%%

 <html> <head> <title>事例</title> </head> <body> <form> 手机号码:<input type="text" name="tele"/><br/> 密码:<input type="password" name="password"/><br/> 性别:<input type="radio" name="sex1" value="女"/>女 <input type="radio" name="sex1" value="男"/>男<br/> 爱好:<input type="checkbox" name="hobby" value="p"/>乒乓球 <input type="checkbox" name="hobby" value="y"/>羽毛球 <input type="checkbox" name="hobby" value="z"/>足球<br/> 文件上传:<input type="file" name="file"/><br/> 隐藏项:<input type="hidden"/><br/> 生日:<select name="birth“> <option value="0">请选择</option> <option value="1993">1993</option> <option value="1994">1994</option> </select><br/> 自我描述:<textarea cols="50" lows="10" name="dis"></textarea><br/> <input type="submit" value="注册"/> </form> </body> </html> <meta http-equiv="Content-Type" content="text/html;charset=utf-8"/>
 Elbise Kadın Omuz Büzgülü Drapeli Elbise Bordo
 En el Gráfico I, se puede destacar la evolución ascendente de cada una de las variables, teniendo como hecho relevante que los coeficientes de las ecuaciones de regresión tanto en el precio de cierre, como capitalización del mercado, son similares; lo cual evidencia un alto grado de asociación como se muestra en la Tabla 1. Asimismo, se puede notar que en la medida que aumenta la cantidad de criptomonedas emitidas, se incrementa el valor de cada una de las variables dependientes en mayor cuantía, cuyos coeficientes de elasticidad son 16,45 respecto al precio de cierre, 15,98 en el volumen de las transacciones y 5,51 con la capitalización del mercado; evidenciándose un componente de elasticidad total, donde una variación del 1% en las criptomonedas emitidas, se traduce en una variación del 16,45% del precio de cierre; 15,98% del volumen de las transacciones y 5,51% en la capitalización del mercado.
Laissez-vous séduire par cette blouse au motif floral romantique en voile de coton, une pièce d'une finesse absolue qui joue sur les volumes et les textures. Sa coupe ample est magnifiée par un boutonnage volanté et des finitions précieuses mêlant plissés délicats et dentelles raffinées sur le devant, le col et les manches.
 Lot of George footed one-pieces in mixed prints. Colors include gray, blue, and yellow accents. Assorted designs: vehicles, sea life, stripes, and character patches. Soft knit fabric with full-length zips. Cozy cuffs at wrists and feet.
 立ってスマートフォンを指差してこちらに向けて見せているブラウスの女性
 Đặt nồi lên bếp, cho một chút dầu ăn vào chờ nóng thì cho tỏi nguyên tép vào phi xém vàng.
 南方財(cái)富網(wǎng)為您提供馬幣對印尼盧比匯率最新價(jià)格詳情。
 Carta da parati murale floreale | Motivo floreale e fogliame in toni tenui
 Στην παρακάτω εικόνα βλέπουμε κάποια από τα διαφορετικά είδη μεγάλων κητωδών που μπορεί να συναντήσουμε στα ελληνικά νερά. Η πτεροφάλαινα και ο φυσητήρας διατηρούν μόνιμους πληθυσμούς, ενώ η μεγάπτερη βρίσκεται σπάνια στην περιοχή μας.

%%
%%

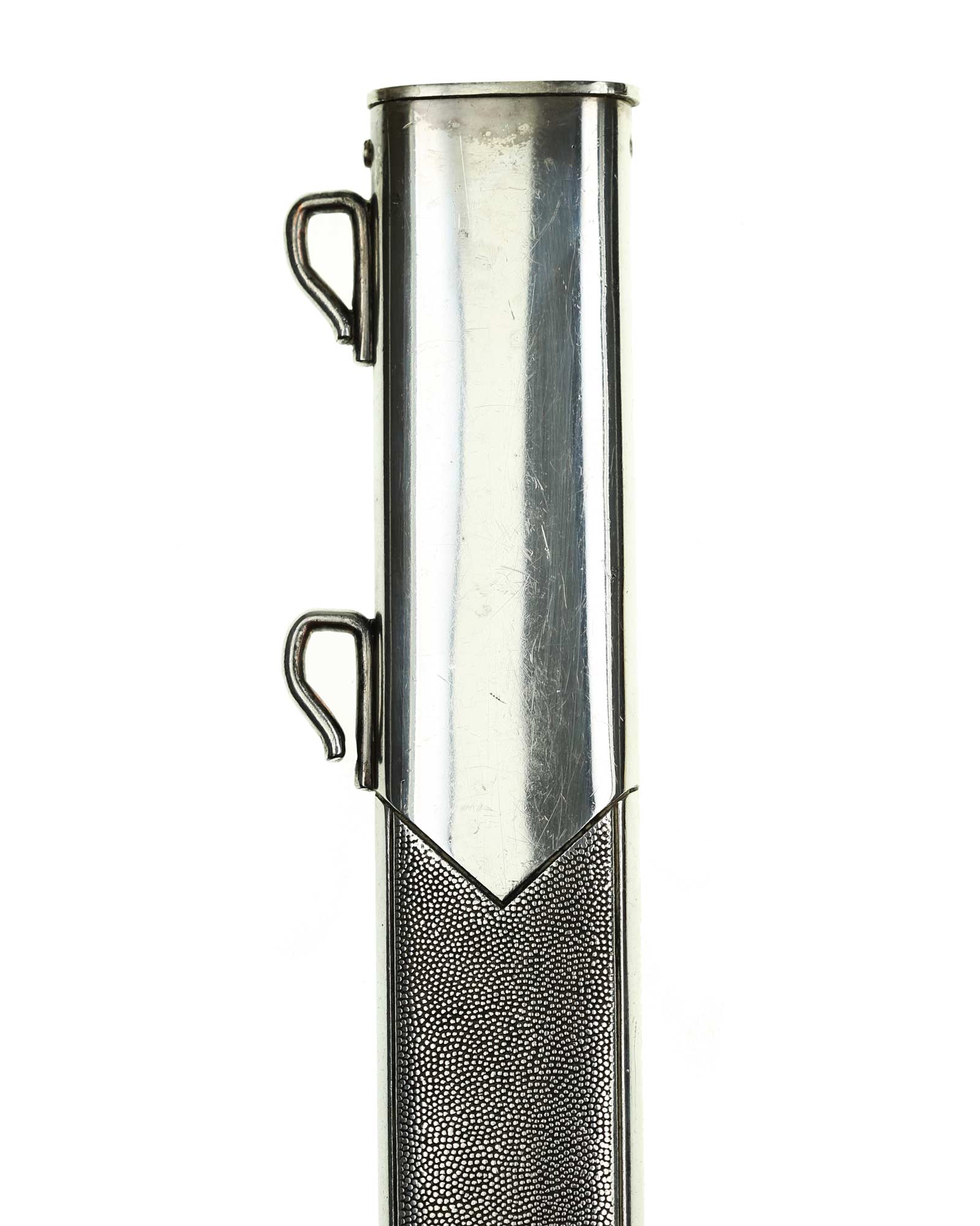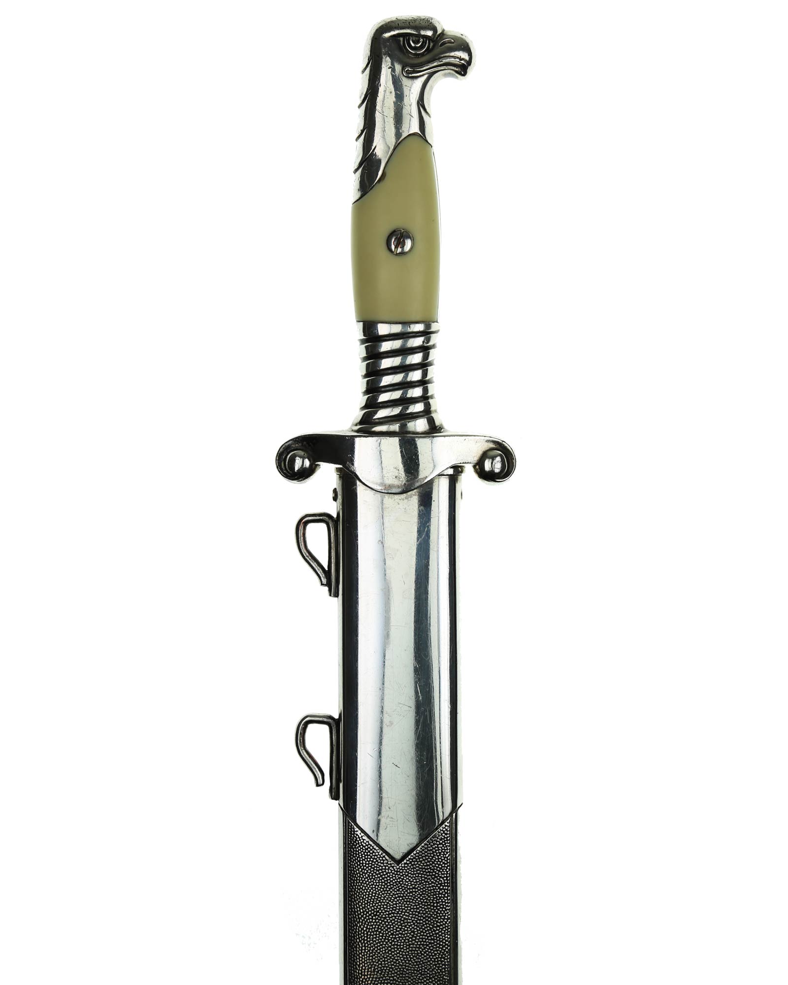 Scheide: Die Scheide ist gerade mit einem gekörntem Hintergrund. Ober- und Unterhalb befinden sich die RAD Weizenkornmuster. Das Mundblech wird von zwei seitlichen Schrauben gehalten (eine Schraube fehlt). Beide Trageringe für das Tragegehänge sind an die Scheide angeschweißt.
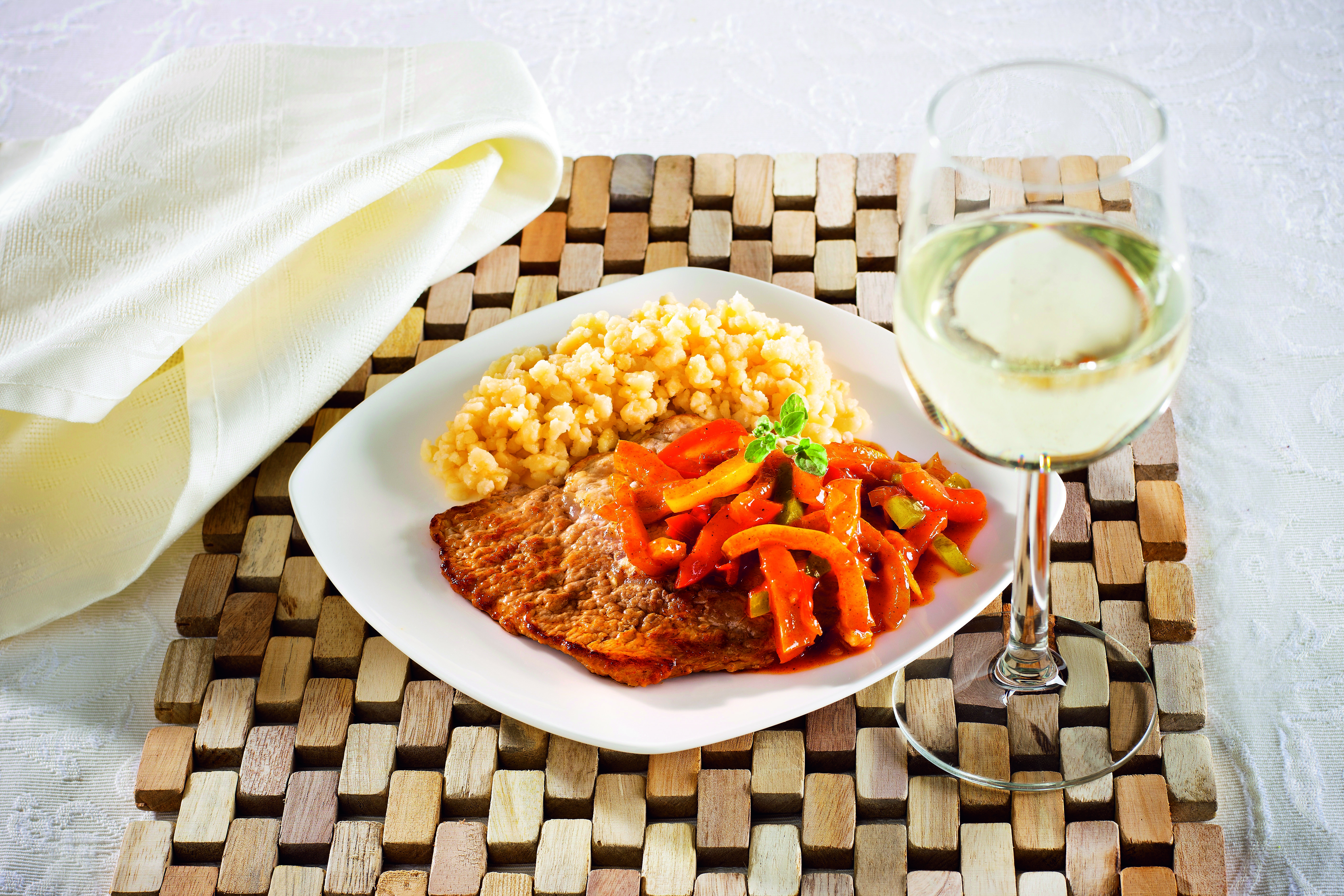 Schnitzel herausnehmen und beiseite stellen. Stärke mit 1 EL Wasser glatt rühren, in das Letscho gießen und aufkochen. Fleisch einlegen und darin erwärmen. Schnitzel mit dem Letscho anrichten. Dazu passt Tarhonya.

%%
%%

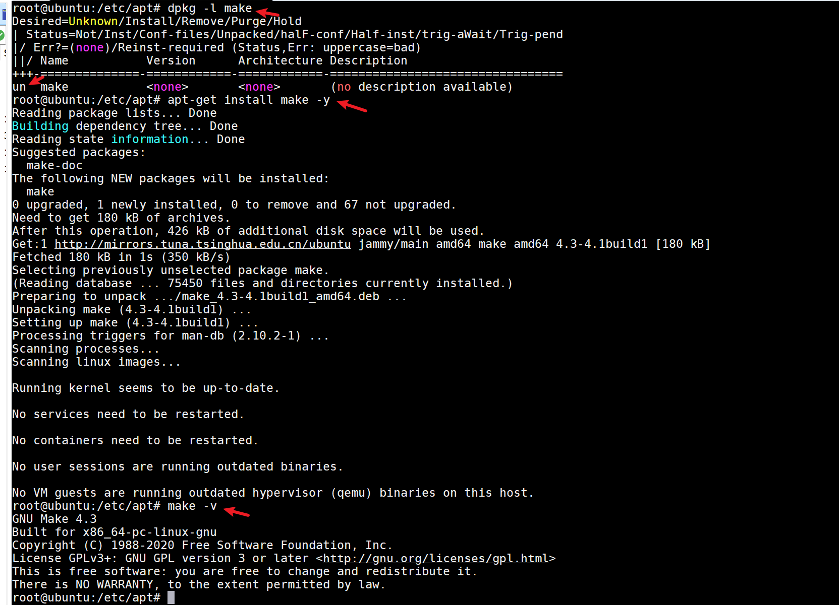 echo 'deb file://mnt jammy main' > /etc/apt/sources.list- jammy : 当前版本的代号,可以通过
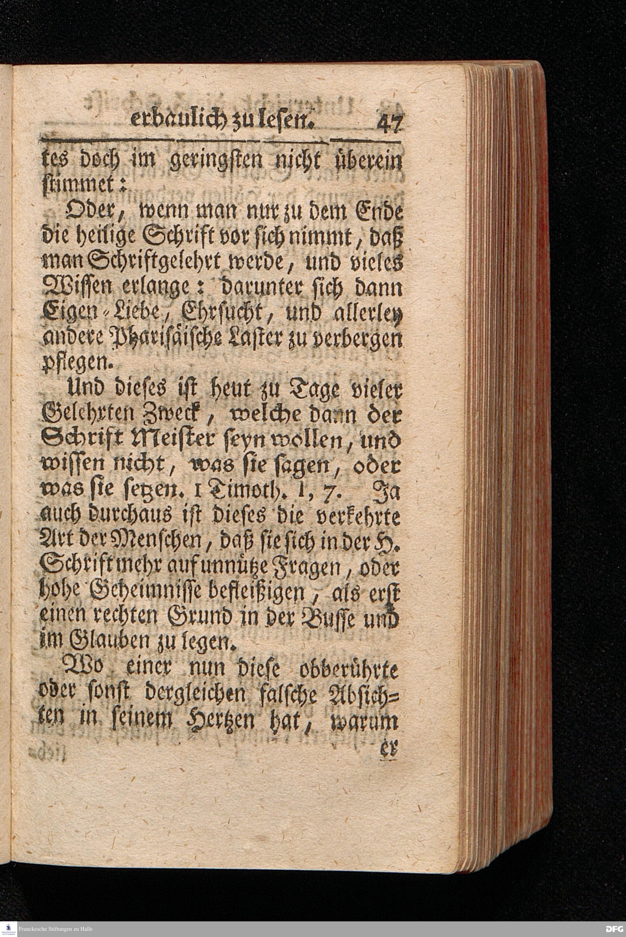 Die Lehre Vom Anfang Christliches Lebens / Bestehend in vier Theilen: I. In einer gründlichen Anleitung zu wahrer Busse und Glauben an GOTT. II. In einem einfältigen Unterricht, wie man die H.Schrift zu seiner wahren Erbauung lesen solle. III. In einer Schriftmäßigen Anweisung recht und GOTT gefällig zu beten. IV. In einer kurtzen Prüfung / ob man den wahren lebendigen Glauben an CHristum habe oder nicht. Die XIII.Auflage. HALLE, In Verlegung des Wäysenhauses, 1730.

%%

» **Work request**:
Beginning at the line above that contains "Elbise Kadın Omuz", return each line exactly through the line that contains "Laissez-vous séduire par", and no others.

» **Solution to this exercise**:
 Elbise Kadın Omuz Büzgülü Drapeli Elbise Bordo
 En el Gráfico I, se puede destacar la evolución ascendente de cada una de las variables, teniendo como hecho relevante que los coeficientes de las ecuaciones de regresión tanto en el precio de cierre, como capitalización del mercado, son similares; lo cual evidencia un alto grado de asociación como se muestra en la Tabla 1. Asimismo, se puede notar que en la medida que aumenta la cantidad de criptomonedas emitidas, se incrementa el valor de cada una de las variables dependientes en mayor cuantía, cuyos coeficientes de elasticidad son 16,45 respecto al precio de cierre, 15,98 en el volumen de las transacciones y 5,51 con la capitalización del mercado; evidenciándose un componente de elasticidad total, donde una variación del 1% en las criptomonedas emitidas, se traduce en una variación del 16,45% del precio de cierre; 15,98% del volumen de las transacciones y 5,51% en la capitalización del mercado.
Laissez-vous séduire par cette blouse au motif floral romantique en voile de coton, une pièce d'une finesse absolue qui joue sur les volumes et les textures. Sa coupe ample est magnifiée par un boutonnage volanté et des finitions précieuses mêlant plissés délicats et dentelles raffinées sur le devant, le col et les manches.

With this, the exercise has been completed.